Simple A-to-B? LLMs nail it. Complex flowcharts? Not so much
Graph-structured workflow benchmark exposes gaps in LLM planning capabilities, guiding future agent development.
Original Problem 🔍:
Existing workflow evaluation frameworks lack comprehensiveness, focusing on limited scenarios and linear structures.

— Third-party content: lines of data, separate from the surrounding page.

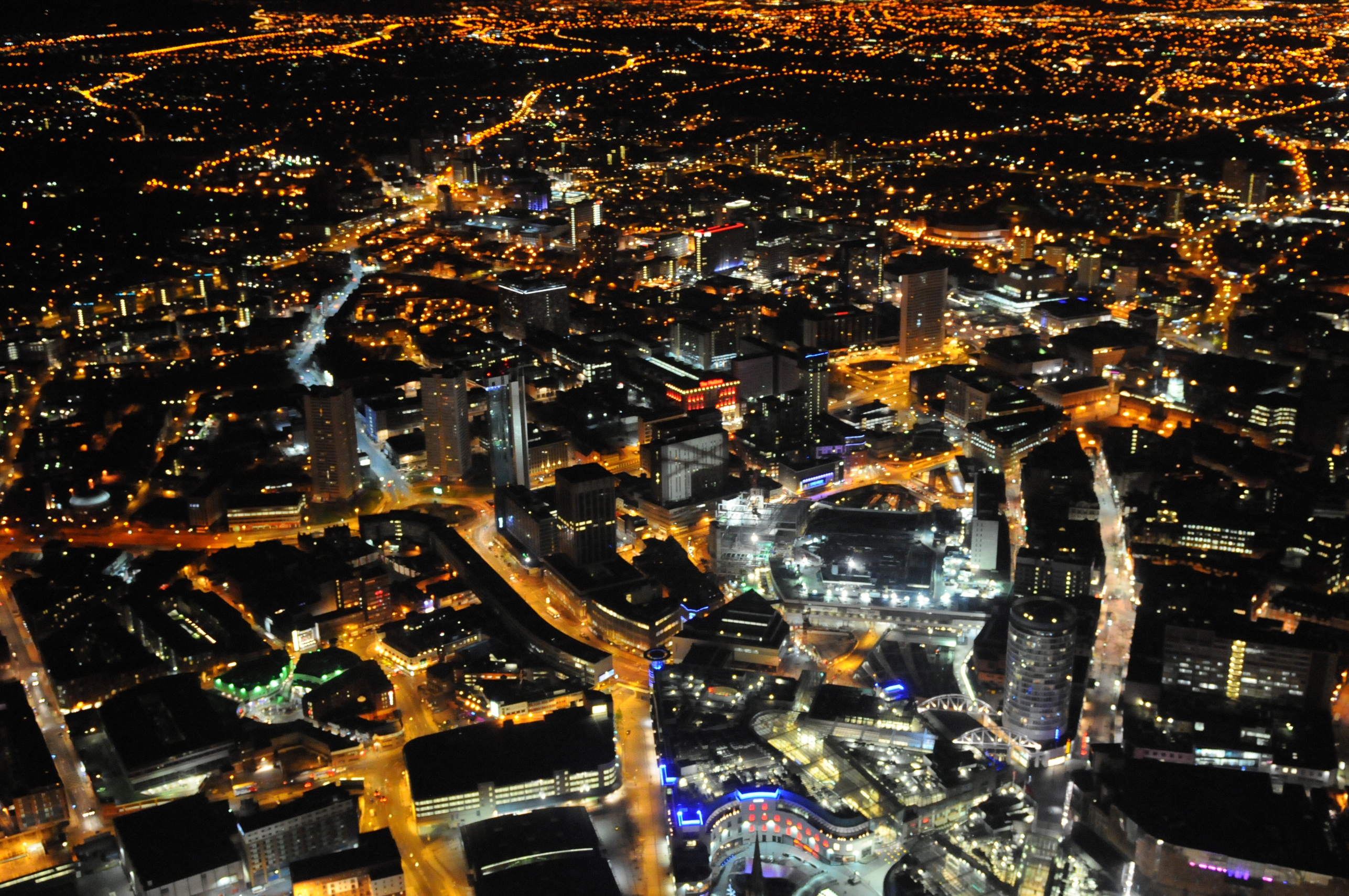| Description | Birmingham City Centre at night. The curve of the BullRing shopping centre is bottom-centre, framing the tip of the spire of St Martin's Church. To the right is the columnar Rotunda. The large white patch below-right of centre is New Street Station. In the centre, lit in red, is the Mailbox. The view is approximately to the West. |
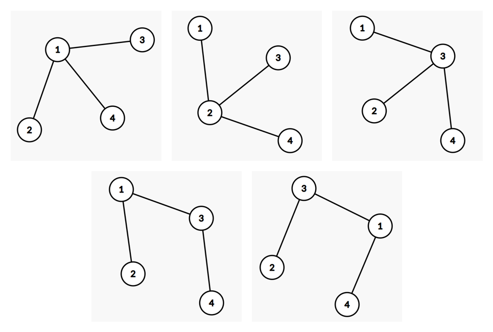 两张广义菊花图不同(也即两棵有标号无根树不同),当且仅当存在两个标号 ,标号为 的节点和标号为 的节点在一张广义菊花图上有边相连,在另一张广义菊花图上没有边相连。
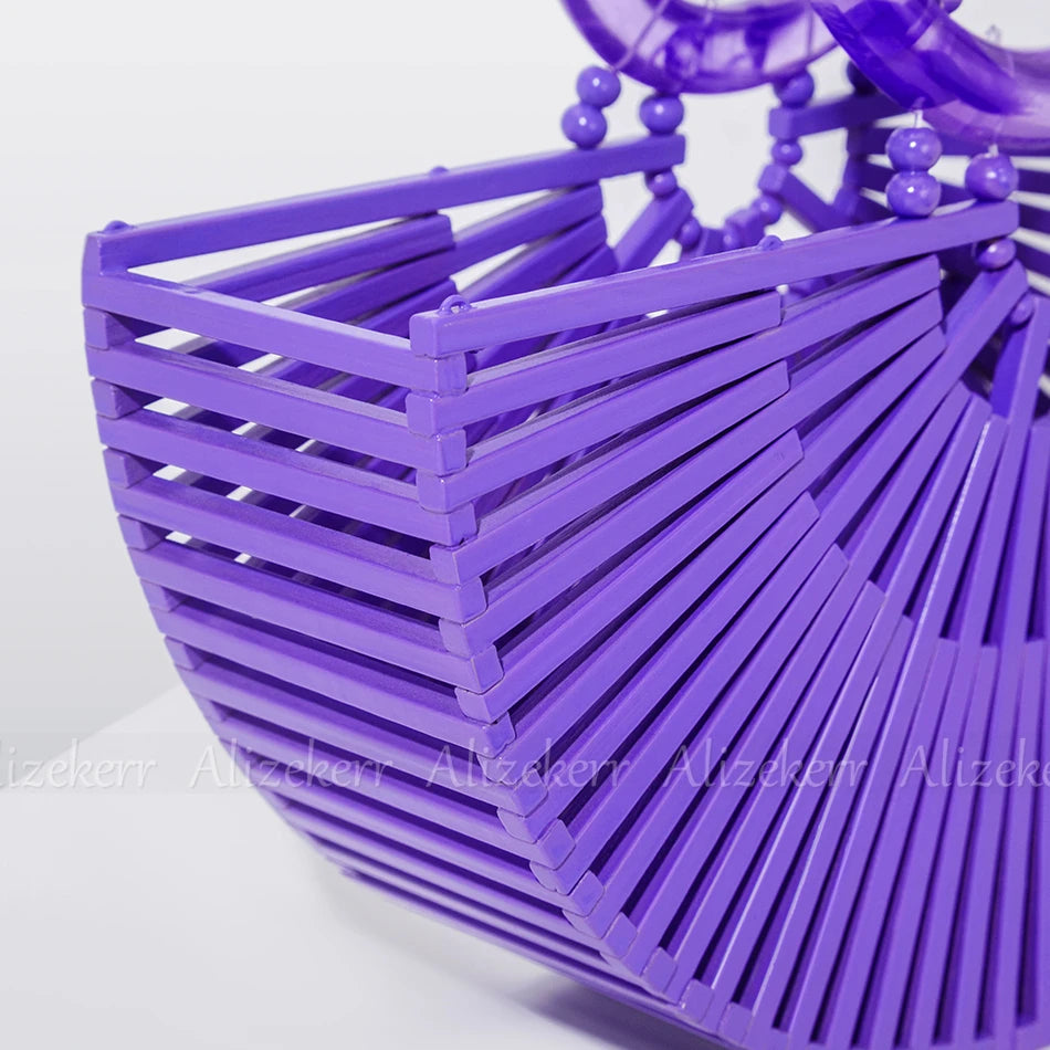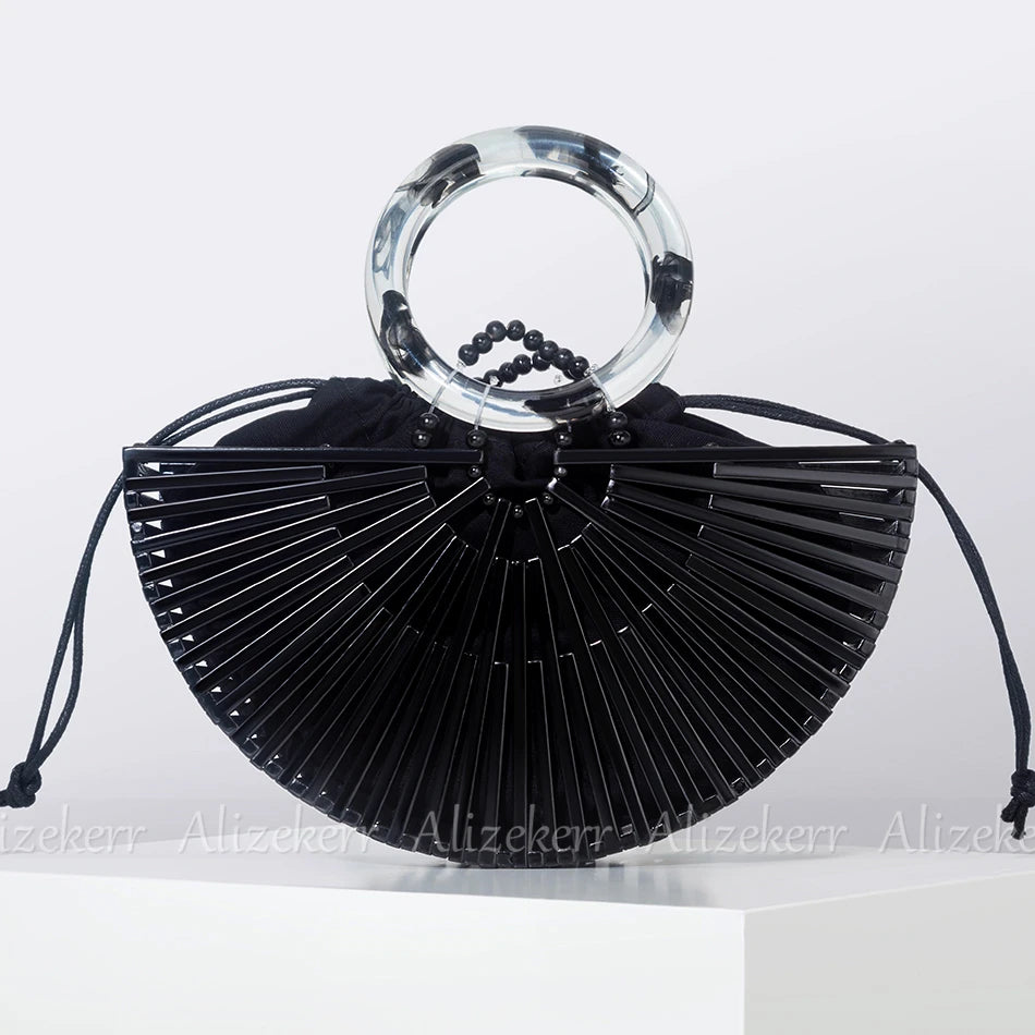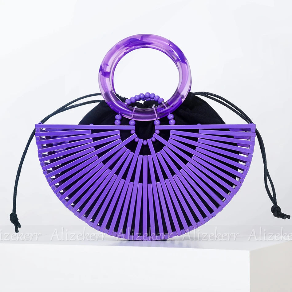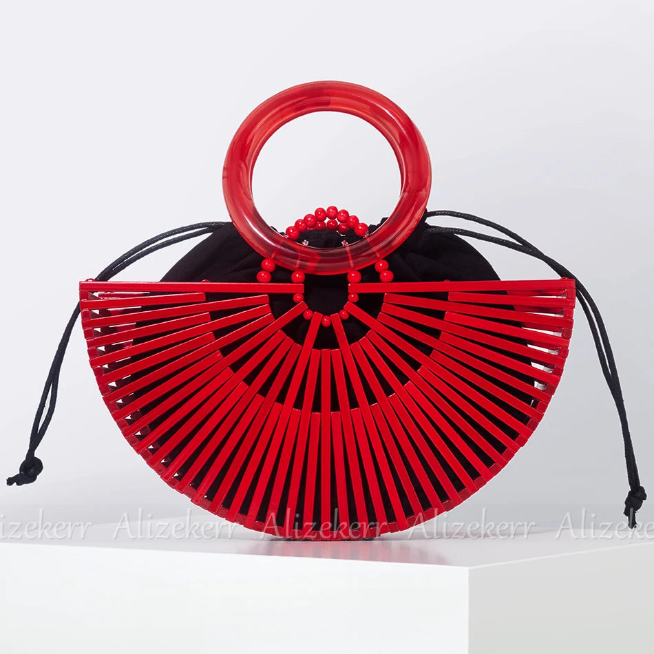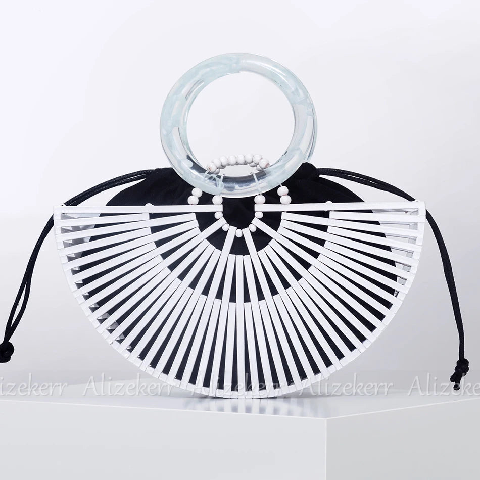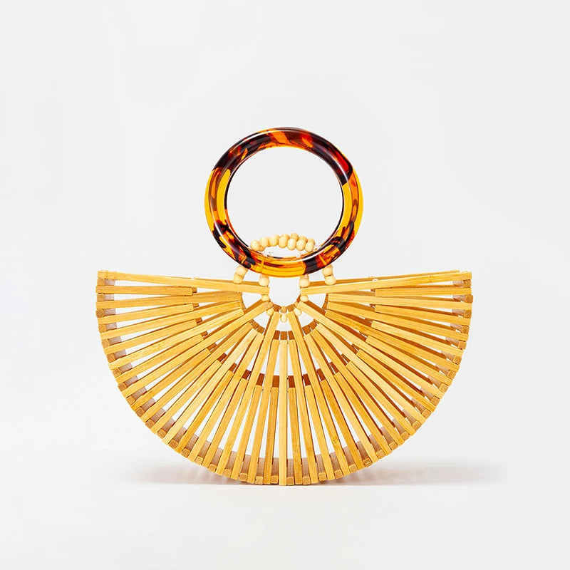 Een trendy, hoogwaardige handtas voor dames, perfect voor de zomer en vakantie. Deze tas combineert een Vintage halfronde vorm met de natuurlijke uitstraling van geweven stro en bamboe. De unieke uitgeholde constructie en de ronde acryl handvatten maken dit een opvallend en stijlvol accessoire voor het strand of een zomerse wandeling.

They fail to accurately assess LLM agents' ability to decompose complex tasks into executable workflows.
Solution in this Paper 🛠️:
• Introduces WORFBENCH: A unified workflow generation benchmark
• Covers multi-faceted scenarios: problem-solving, function calling, embodied planning, open-grounded planning
• Models workflows as Directed Acyclic Graphs for complex structures
• Employs strict quality control using Topological Sorting and human evaluation
• Presents WORFEVAL: Evaluation protocol using subsequence and subgraph matching algorithms
Key Insights from this Paper 💡:
• Significant gap between linear and graph planning capabilities in LLMs
• Graph-structured workflows enhance downstream task performance and efficiency
• Integration of world knowledge crucial for improving LLM agents' planning abilities
Results 📊:
• GPT-4 achieves 67.32% f1_chain and 52.47% f1_graph scores
• 15% performance gap between linear and graph planning capabilities
• Workflow-augmented models show 2.5-3.5% improvement in function call accuracy
• Parallel execution reduces task completion time by 18-35%
• Trained open-source models exhibit limited generalization to held-out tasks
🧠 WORFBENCH differ from existing workflow evaluation frameworks by
Covering multiple complex scenarios (problem-solving, function calling, embodied planning, open-grounded planning)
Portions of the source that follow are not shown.